To Disclose Or Not To Disclose. In States Like Texas, That Is The Question  

To say Bethany Babcock was unpleasantly surprised when a listing agent publicly unveiled the sale price of a client’s recent commercial property acquisition might be an understatement.

The principal and co-owner of San Antonio-based Foresite Commercial Real Estate was displeased enough to take her complaint to social media, kicking off a lively thread that saw one commenter suggest the offending discloser should be “publicly tar[red] & feather[ed], put in stockade and pelted with rotten tomatoes."

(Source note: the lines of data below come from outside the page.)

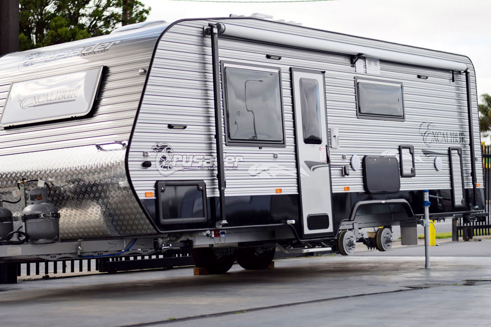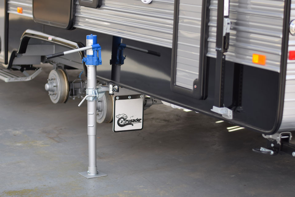 A hydraulic caravan jack designed to lift larger, heavier vans.
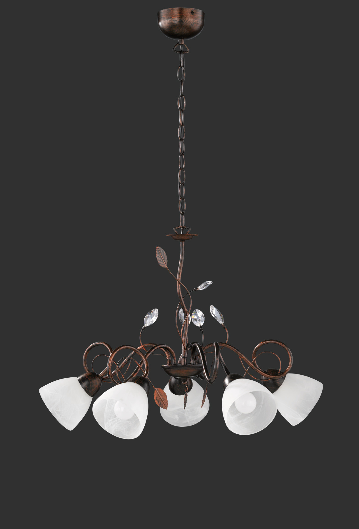 · Kronleuchter zaubern ein glamouröses Ambiente in Ihre Wohnräume und verschaffen dem Raum so viel Eleganz wie keine andere Leuchte. Dabei kommt der Kronleuchter am besten zur Geltung, wenn er mittig im Raum oder über einem Esstisch platziert wird. Der fünfflammige Kronleuchter hat einen Durchmesser von 70 cm und eine Abhängelänge von maximal 150 cm. Der Kronleuchter TADITIO kombiniert die klassische Eleganz eines Kronleuchters mit traditionellen Formen und Farben. Die rostfarbig antike Farbgebung in Verbindung mit alabasterfarbenen Glas und vereinzelten Kristallblättern verleihen Ihrem Wohnraum das gewisse Etwas. Für eine energiesparende Beleuchtung empfiehlt sich die Verwendung eines LED Leuchtmittels. Diese sind eine optimale Alternative zu herkömmlichen Halogen Leuchtmitteln und stehen für eine hohe Lichtqualität und eine Energieeinsparung von bis zu 80%. Zusätzlich profitieren Sie bei LED Leuchtmitteln von einer langen Lebensdauer, einer geringen Wärmeentwicklung und schonen gleichzeitig die Umwelt.
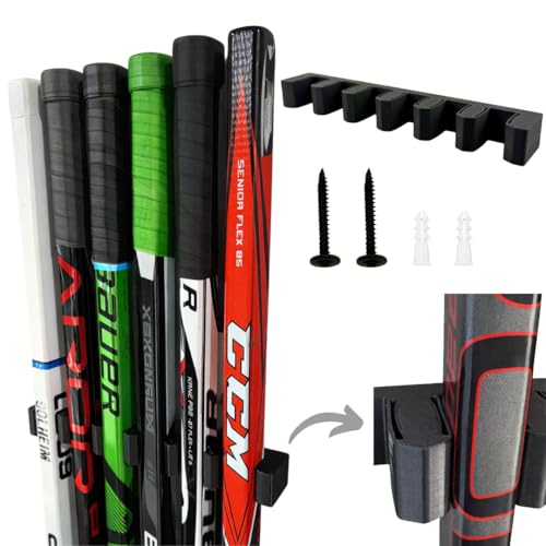 Hockey Stick Wall Mount Holder | Capable of Holding Up to 6 Ice Hockey Sticks | Only Compatible with Senior/Adult Sticks | All Required Hardware Included
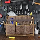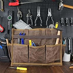 MATERIAL: 16OZ waxed cotton canvas, durable and stain-resistant DIMENSION: ( L ) 16.5" X ( W ) 7" X ( H ) 12" / ( L ) 42 X ( W ) 18 X ( H ) 30 cm COMFORTABLE: Handle with padded handle can relieve hand fatigue, which cuts down on injuries while carrying heavy tools PRODUCT DESIGN: This tool bag has 6 external pockets with Elastic Strap reinforcement for maximizing the space, 2 outside pockets,a large main compartment with 6 internal pockets. It can help you organize your tools and easily identify them, saving space and time MULTI-FUNCTION: This bag can be used as a tool bag for storing various wrenches, hammers, screwdrivers. Finishing bags, travel accessories bags, brush bags, electronics bags, wire bags, building material bags, toiletry bags, storage bags, etc. . .
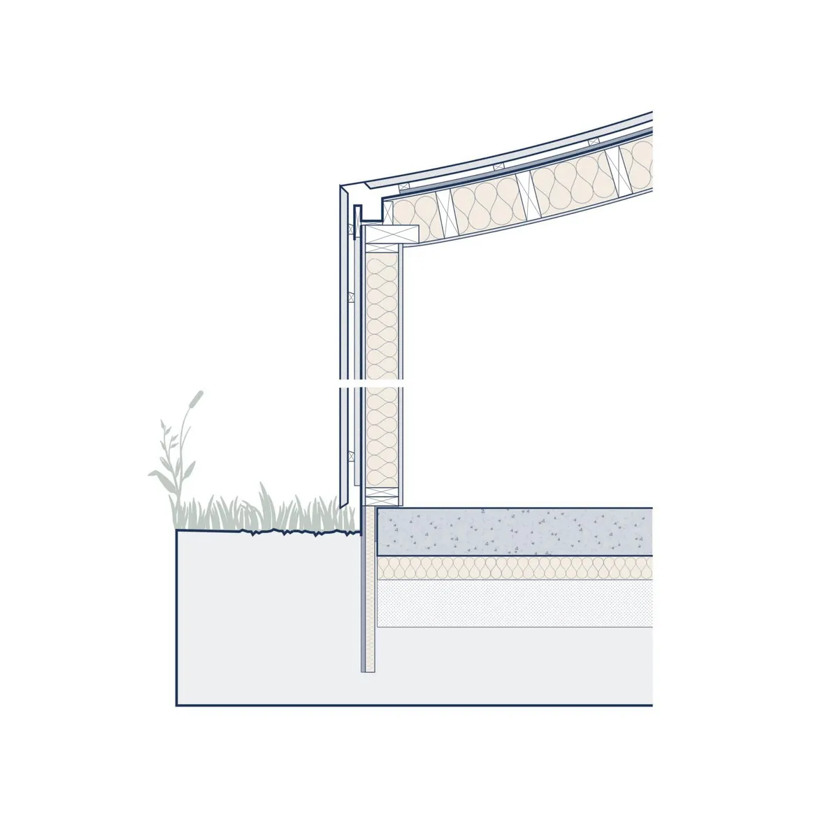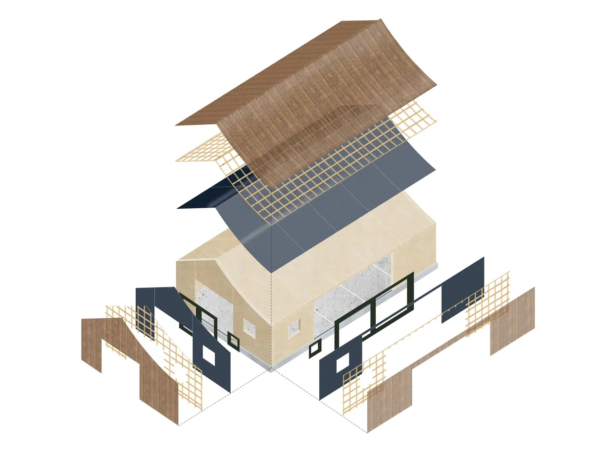 El nuevo edificio conserva la estética primitiva y esa simplicidad ancestral de los tejados a dos aguas. Se trata de un volumen básico, sencillo y efectivo. Sin embargo, se incorporó un toque de fantasía al curvar la mitad del techo. Aparte del efecto estético inmediato, que hace que nos fijemos en él, recuerda a esos viejos tejados combados por el paso del tiempo.
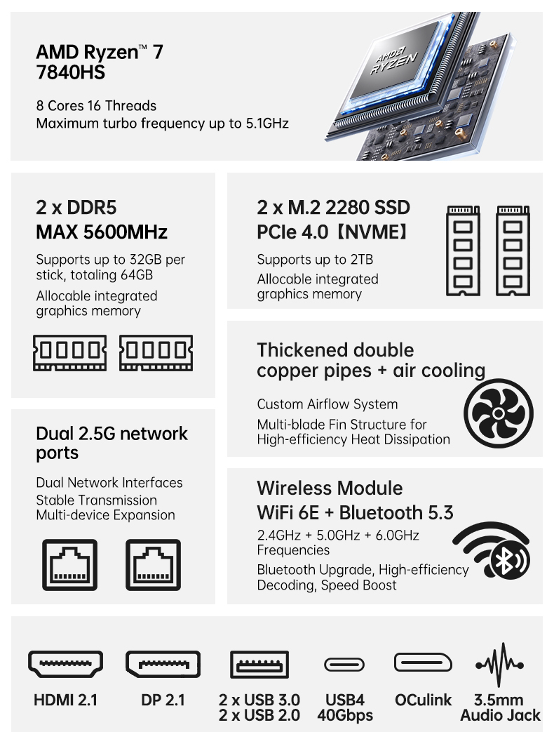 | Memory | DDR5 Dual channel(SODIMM Slots x2,Up to 5600MHz,Max 64GB) |
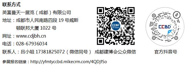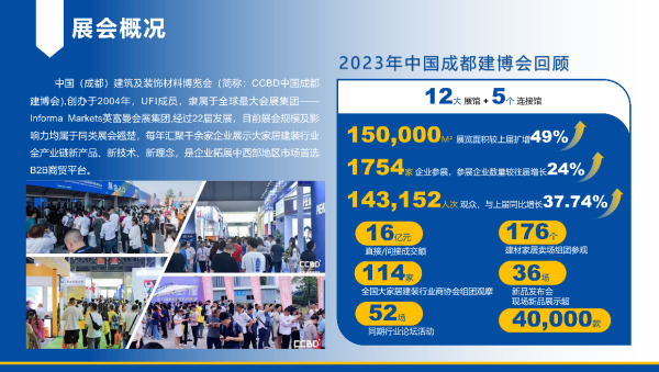 中國(成都)建筑及裝飾材料博覽會(簡稱:CCBD中國成都建博會)創辦于2004年,是全球展覽業協會(UFI)認證展會,展會規模已躍居全國同類展會前列。CCBD中國成都建博會一直致力于為全國建材家居廠家、經銷代理商、房地產開發商、建設/裝飾單位提供專業的商貿合作渠道,打造大家居建裝行業以“經銷代理”和“公裝集采”為核心的優選平臺。在深度把握成渝地區雙城經濟圈建設戰略機遇,依托成渝地區的產業集群優勢,2023年開始在重慶地區打造CCBD中國重慶建博會,逐步形成“成渝雙展”4月成都10月重慶雙城發展的新格局。
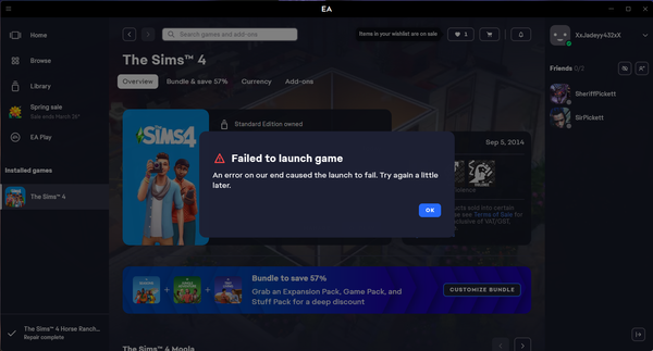 hello i dont know how to fix this, i have tried everything but every time i go to load up the game it comes up with an EA error and it says An error on our end cause the launch to fail. Try again a little later, but i wouldnt let me in all day yesterday and it is still happening, can some one help me please

Babcock's property was in Texas, one of 12 nondisclosure states with no law requiring the release of real estate sale prices to the public or assessment officials. To Babcock and others, the move was overly self-promotional at best, and in a worst-case scenario, could be financially disastrous to the property’s owner and tenants. 

“The agents want to brag about what they sold the property for … It’s noteworthy. It’s marketing,” Babcock told Bisnow. “There's nothing wrong with that in a normal state. But when you're in a nondisclosure state, you're putting your own desire to brand yourself and market yourself above the needs of the tenants in the center that you've sold.”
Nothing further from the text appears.